# Data collection and setup

*The first step is to create a virtual environment for this project. This is not shown here but it is done anyway and is a good practice.

## Import libraries

In [1]:
import numpy as np
import pandas as pd
import matplotlib.pyplot as plt
import sqlalchemy as sa

#### Open the database with SQLAlchemy

In [3]:
con = sa.create_engine("sqlite:///" + "../data/hipermercado.db")

In [4]:
from sqlalchemy import inspect
insp = inspect(con)
tables = insp.get_table_names()
tables

['calendar', 'sales', 'sell_prices']

#### There are 3 tables. Let's see them one by one.

In [6]:
cal = pd.read_sql("calendar", con=con)
cal.drop(columns="index", inplace=True)
cal.head()

Unnamed: 0,date,wm_yr_wk,weekday,wday,month,year,d,event_name_1,event_type_1,event_name_2,event_type_2
0,2013-01-01,11249,Tuesday,4,1,2013,d_704,NewYear,National,,
1,2013-01-02,11249,Wednesday,5,1,2013,d_705,,,,
2,2013-01-03,11249,Thursday,6,1,2013,d_706,,,,
3,2013-01-04,11249,Friday,7,1,2013,d_707,,,,
4,2013-01-05,11250,Saturday,1,1,2013,d_708,,,,


In [7]:
sales = pd.read_sql("sales", con=con)
sales.drop(columns="index", inplace=True)
sales.head()

Unnamed: 0,id,item_id,dept_id,cat_id,store_id,state_id,d_704,d_705,d_706,d_707,...,d_1789,d_1790,d_1791,d_1792,d_1793,d_1794,d_1795,d_1796,d_1797,d_1798
0,FOODS_3_090_CA_3_validation,FOODS_3_090,FOODS_3,FOODS,CA_3,CA,0,224,241,232,...,5,2,0,0,6,0,6,0,0,0
1,FOODS_3_120_CA_3_validation,FOODS_3_120,FOODS_3,FOODS,CA_3,CA,0,0,0,0,...,54,63,44,0,65,90,104,73,76,97
2,FOODS_3_202_CA_3_validation,FOODS_3_202,FOODS_3,FOODS,CA_3,CA,20,23,23,25,...,43,40,39,0,29,33,27,13,26,47
3,FOODS_3_252_CA_3_validation,FOODS_3_252,FOODS_3,FOODS,CA_3,CA,34,27,40,49,...,31,43,32,0,52,37,32,29,34,27
4,FOODS_3_288_CA_3_validation,FOODS_3_288,FOODS_3,FOODS,CA_3,CA,0,0,0,0,...,29,45,28,0,46,36,40,31,46,36


In [8]:
prices = pd.read_sql("sell_prices", con=con)
prices.drop(columns="index", inplace=True)
prices.head()

Unnamed: 0,store_id,item_id,wm_yr_wk,sell_price
0,CA_3,FOODS_3_090,11249,1.25
1,CA_3,FOODS_3_090,11250,1.25
2,CA_3,FOODS_3_090,11251,1.25
3,CA_3,FOODS_3_090,11252,1.25
4,CA_3,FOODS_3_090,11301,1.38


#### The final dataframe is gonna be a union between all of them.
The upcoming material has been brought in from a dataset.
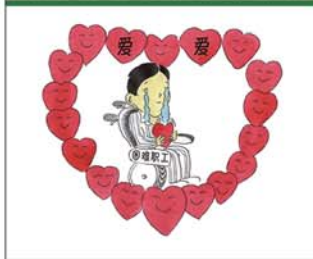
望闻问切安全薄弱人物排查处理法 三十一类安全薄弱人画像之二十四

In order to do that, we are going to merge first sales and calendar by a common field which is the day "d". It is necessary to do some arrangements on sales dataset first.

In [10]:
sales = sales.melt(id_vars=sales.columns[0:6],
           var_name="d",
           value_name="sales")

sales.head()

Unnamed: 0,id,item_id,dept_id,cat_id,store_id,state_id,d,sales
0,FOODS_3_090_CA_3_validation,FOODS_3_090,FOODS_3,FOODS,CA_3,CA,d_704,0
1,FOODS_3_120_CA_3_validation,FOODS_3_120,FOODS_3,FOODS,CA_3,CA,d_704,0
2,FOODS_3_202_CA_3_validation,FOODS_3_202,FOODS_3,FOODS,CA_3,CA,d_704,20
3,FOODS_3_252_CA_3_validation,FOODS_3_252,FOODS_3,FOODS,CA_3,CA,d_704,34
4,FOODS_3_288_CA_3_validation,FOODS_3_288,FOODS_3,FOODS,CA_3,CA,d_704,0


In [11]:
# The id column is not needed
sales.drop(columns="id", inplace=True)

In [13]:
# Sales and calendar dataframe generation
df = pd.merge(left=sales, right=cal, on="d", how="left")
df.head()

Unnamed: 0,item_id,dept_id,cat_id,store_id,state_id,d,sales,date,wm_yr_wk,weekday,wday,month,year,event_name_1,event_type_1,event_name_2,event_type_2
0,FOODS_3_090,FOODS_3,FOODS,CA_3,CA,d_704,0,2013-01-01,11249,Tuesday,4,1,2013,NewYear,National,,
1,FOODS_3_120,FOODS_3,FOODS,CA_3,CA,d_704,0,2013-01-01,11249,Tuesday,4,1,2013,NewYear,National,,
2,FOODS_3_202,FOODS_3,FOODS,CA_3,CA,d_704,20,2013-01-01,11249,Tuesday,4,1,2013,NewYear,National,,
3,FOODS_3_252,FOODS_3,FOODS,CA_3,CA,d_704,34,2013-01-01,11249,Tuesday,4,1,2013,NewYear,National,,
4,FOODS_3_288,FOODS_3,FOODS,CA_3,CA,d_704,0,2013-01-01,11249,Tuesday,4,1,2013,NewYear,National,,


In [14]:
# Add the prices dataset
df = pd.merge(left=df, right=prices, on=["store_id","item_id","wm_yr_wk"], how="left")
df

Unnamed: 0,item_id,dept_id,cat_id,store_id,state_id,d,sales,date,wm_yr_wk,weekday,wday,month,year,event_name_1,event_type_1,event_name_2,event_type_2,sell_price
0,FOODS_3_090,FOODS_3,FOODS,CA_3,CA,d_704,0,2013-01-01,11249,Tuesday,4,1,2013,NewYear,National,,,1.25
1,FOODS_3_120,FOODS_3,FOODS,CA_3,CA,d_704,0,2013-01-01,11249,Tuesday,4,1,2013,NewYear,National,,,4.98
2,FOODS_3_202,FOODS_3,FOODS,CA_3,CA,d_704,20,2013-01-01,11249,Tuesday,4,1,2013,NewYear,National,,,4.28
3,FOODS_3_252,FOODS_3,FOODS,CA_3,CA,d_704,34,2013-01-01,11249,Tuesday,4,1,2013,NewYear,National,,,1.48
4,FOODS_3_288,FOODS_3,FOODS,CA_3,CA,d_704,0,2013-01-01,11249,Tuesday,4,1,2013,NewYear,National,,,
...,...,...,...,...,...,...,...,...,...,...,...,...,...,...,...,...,...,...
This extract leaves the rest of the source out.